Trump Captures Republican Nomination

Thirteen months after launching an improbable bid for the White House, Donald Trump captured the 2016 Republican presidential nomination on Tuesday, having vanquished 16 party rivals, warred with much of its establishment and provoked controversy at every turn.
His eldest child, Donald Trump Jr., announced the support of New York, their home state, during a roll-call vote at the Republican National Convention, ensuring Trump had the majority of delegates-1,237-needed to contest the Nov. 8 US presidential election against presumptive Democratic nominee Hillary Clinton, Reuters reported.
With three of the candidate’s other children at his side, the younger Trump said: “It is my honor to be able to throw Donald Trump over the top in the delegate count tonight.”
“Congratulations, Dad. We love you,” he said.
Trump’s Democratic rival, Clinton, who has been the target of withering verbal attacks during the convention, was quick to respond to the vote, tweeting: “Donald Trump just became the Republican nominee. Chip in now to make sure he never steps foot in the Oval Office.”
Trump won with 1,725 delegates, followed by US Senator Ted Cruz of Texas with 475 delegates, Ohio Governor John Kasich with 120 and US Senator Marco Rubio of Florida with 114. Three other candidates emerged with a total of 12 delegates.
The result has not really been in doubt for months, but now it’s a reality. The Republican Party’s nomination for president of the United States is Donald Trump’s to accept when he takes the stage on Thursday night.
After the presidential nominating vote, the convention by voice vote nominated Indiana Governor Mike Pence, 57, Trump’s choice for his vice presidential running mate.

  Restore Law in the US
Speaking to the convention for the first time since winning the nomination, Trump appeared on a video screen from New York promising to win the election in November, create jobs, strengthen the military, safeguard US borders and “restore law and order” in the United States.
The state-by-state vote to put Trump’s name in nomination took place a day after opponents staged a failed attempt to force a vote opposing his candidacy at the start of the four-day convention, and after a speech by his wife, Melania, drew accusations of plagiarism.
A former secretary of state under Obama, Clinton, 68, was due to be formally nominated at the Democratic National Convention next week in Philadelphia.

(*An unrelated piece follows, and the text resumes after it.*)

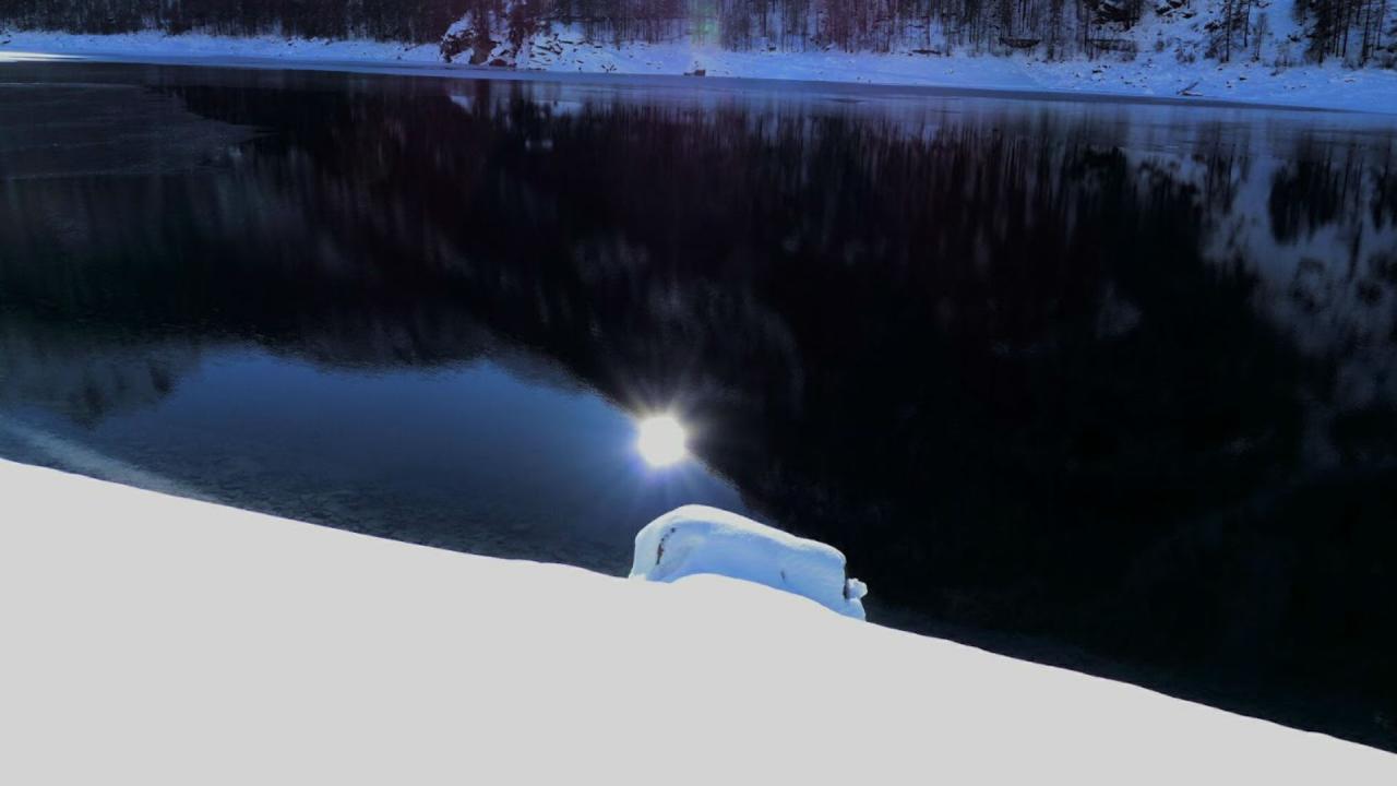 Continue slightly to the left, cross a bridge and you find yourself in wide open spaces. The route continues along a few huts and a large boulder and finally get you in sight of the lake.

Trump trails Clinton in many opinion polls after a bruising Republican primary season. Trump narrowed his deficit against her to 7 percentage points from 15 points late last week, according to a Reuters/Ipsos poll released on Tuesday.
 
  Politics of Fear
In a campaign marked by insults and inflammatory rhetoric, Trump tapped into a deep vein of unhappiness running through white Middle America, giving voice to millions who felt left behind in the rush to globalization and who eschewed traditional establishment Republicans like Bush in favor of a brash political outsider who promised to “Make America Great Again”.
Opponents brand Trump a bigot with his calls to ban the entry of Muslims and to build a border wall with Mexico to keep out illegal immigrants.
Underscoring the problems Trump has faced with US allies abroad, German Foreign Minister Frank-Walter Steinmeier said Trump threatened US and world security with his “politics of fear and isolation.”
Steinmeier told Reuters in a written interview that he was concerned about what he called Trump’s ambiguous vows to “make America strong again,” while simultaneously reducing its engagement overseas.